__TASK PROMPT__
Your task is to restate the listing word for word without the pictures.

[DATA SECTION — start]

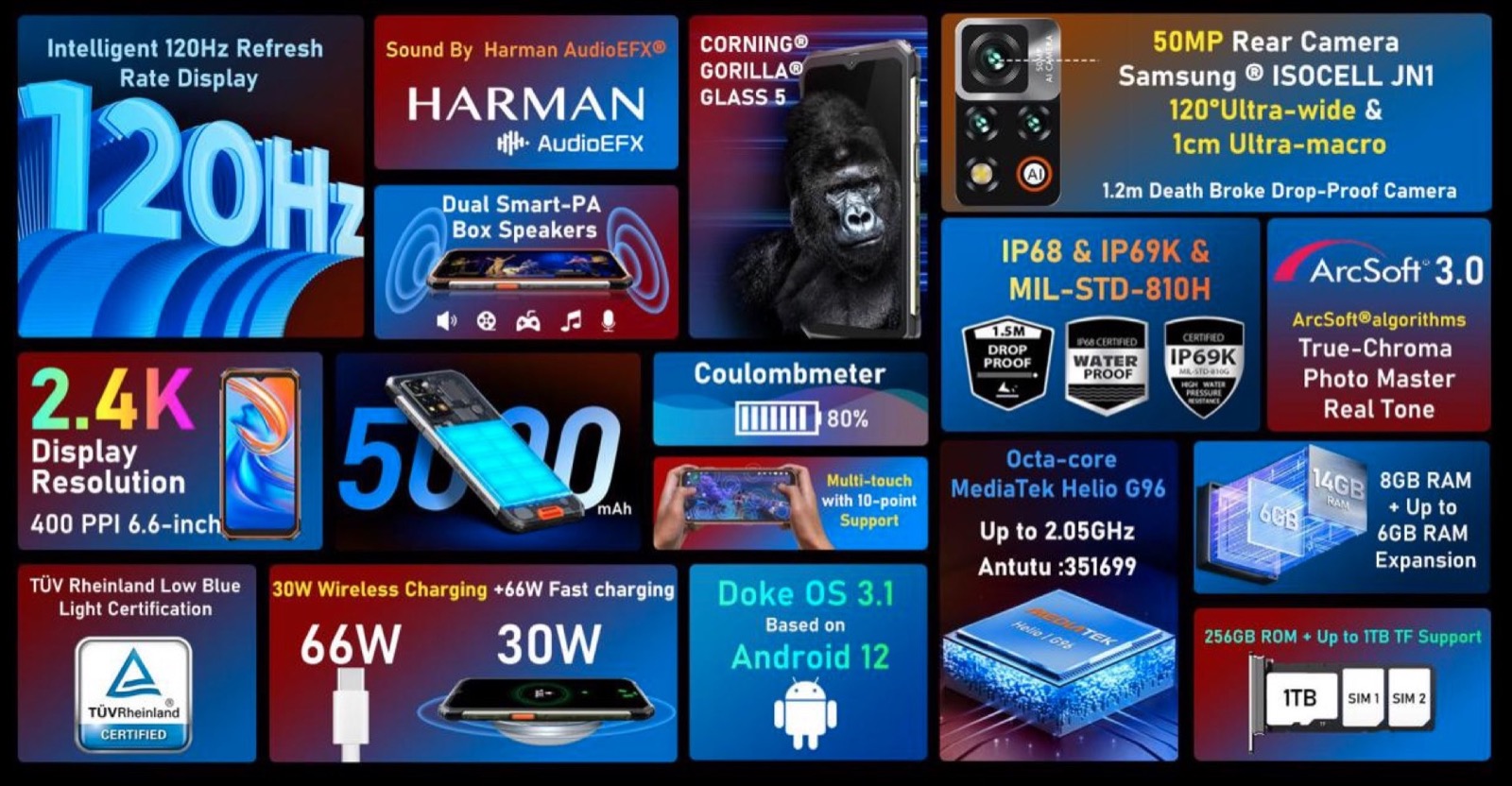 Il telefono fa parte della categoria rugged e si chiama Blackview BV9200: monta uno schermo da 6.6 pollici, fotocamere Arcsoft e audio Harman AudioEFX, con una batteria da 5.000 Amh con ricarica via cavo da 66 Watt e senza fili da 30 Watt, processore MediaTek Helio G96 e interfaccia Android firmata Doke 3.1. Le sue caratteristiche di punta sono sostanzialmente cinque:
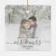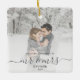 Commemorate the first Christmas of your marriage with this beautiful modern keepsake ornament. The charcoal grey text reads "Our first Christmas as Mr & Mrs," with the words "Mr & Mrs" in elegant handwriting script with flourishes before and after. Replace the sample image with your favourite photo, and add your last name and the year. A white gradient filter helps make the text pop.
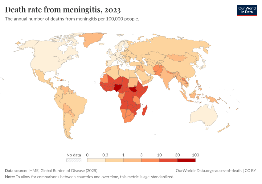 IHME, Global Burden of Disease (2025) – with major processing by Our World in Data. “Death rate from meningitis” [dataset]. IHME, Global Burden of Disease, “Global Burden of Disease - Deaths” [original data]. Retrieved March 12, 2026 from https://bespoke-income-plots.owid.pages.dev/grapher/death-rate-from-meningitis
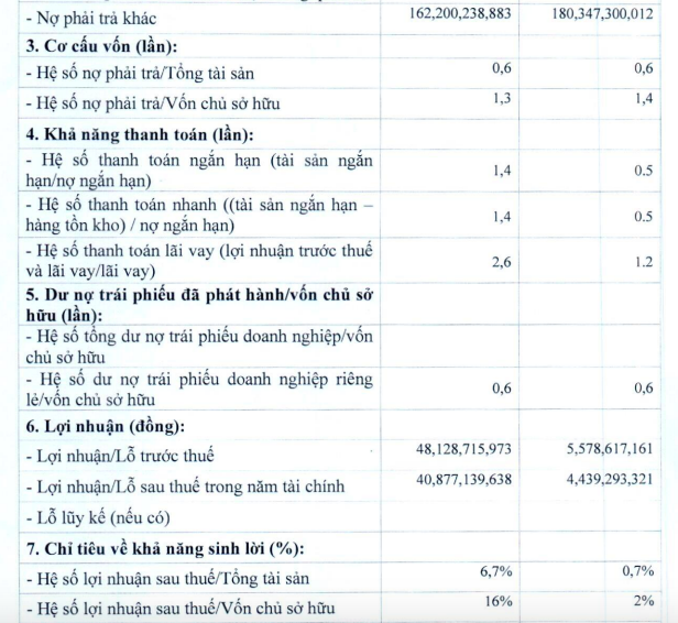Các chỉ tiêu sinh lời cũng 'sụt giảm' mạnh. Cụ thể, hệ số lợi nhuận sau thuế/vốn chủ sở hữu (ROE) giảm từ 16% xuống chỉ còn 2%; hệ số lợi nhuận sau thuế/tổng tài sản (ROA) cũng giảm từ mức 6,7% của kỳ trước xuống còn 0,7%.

[DATA SECTION — finish]

__RESPONSE BOX__
 Il telefono fa parte della categoria rugged e si chiama Blackview BV9200: monta uno schermo da 6.6 pollici, fotocamere Arcsoft e audio Harman AudioEFX, con una batteria da 5.000 Amh con ricarica via cavo da 66 Watt e senza fili da 30 Watt, processore MediaTek Helio G96 e interfaccia Android firmata Doke 3.1. Le sue caratteristiche di punta sono sostanzialmente cinque:
 Commemorate the first Christmas of your marriage with this beautiful modern keepsake ornament. The charcoal grey text reads "Our first Christmas as Mr & Mrs," with the words "Mr & Mrs" in elegant handwriting script with flourishes before and after. Replace the sample image with your favourite photo, and add your last name and the year. A white gradient filter helps make the text pop.
 IHME, Global Burden of Disease (2025) – with major processing by Our World in Data. “Death rate from meningitis” [dataset]. IHME, Global Burden of Disease, “Global Burden of Disease - Deaths” [original data]. Retrieved March 12, 2026 from https://bespoke-income-plots.owid.pages.dev/grapher/death-rate-from-meningitis
Các chỉ tiêu sinh lời cũng 'sụt giảm' mạnh. Cụ thể, hệ số lợi nhuận sau thuế/vốn chủ sở hữu (ROE) giảm từ 16% xuống chỉ còn 2%; hệ số lợi nhuận sau thuế/tổng tài sản (ROA) cũng giảm từ mức 6,7% của kỳ trước xuống còn 0,7%.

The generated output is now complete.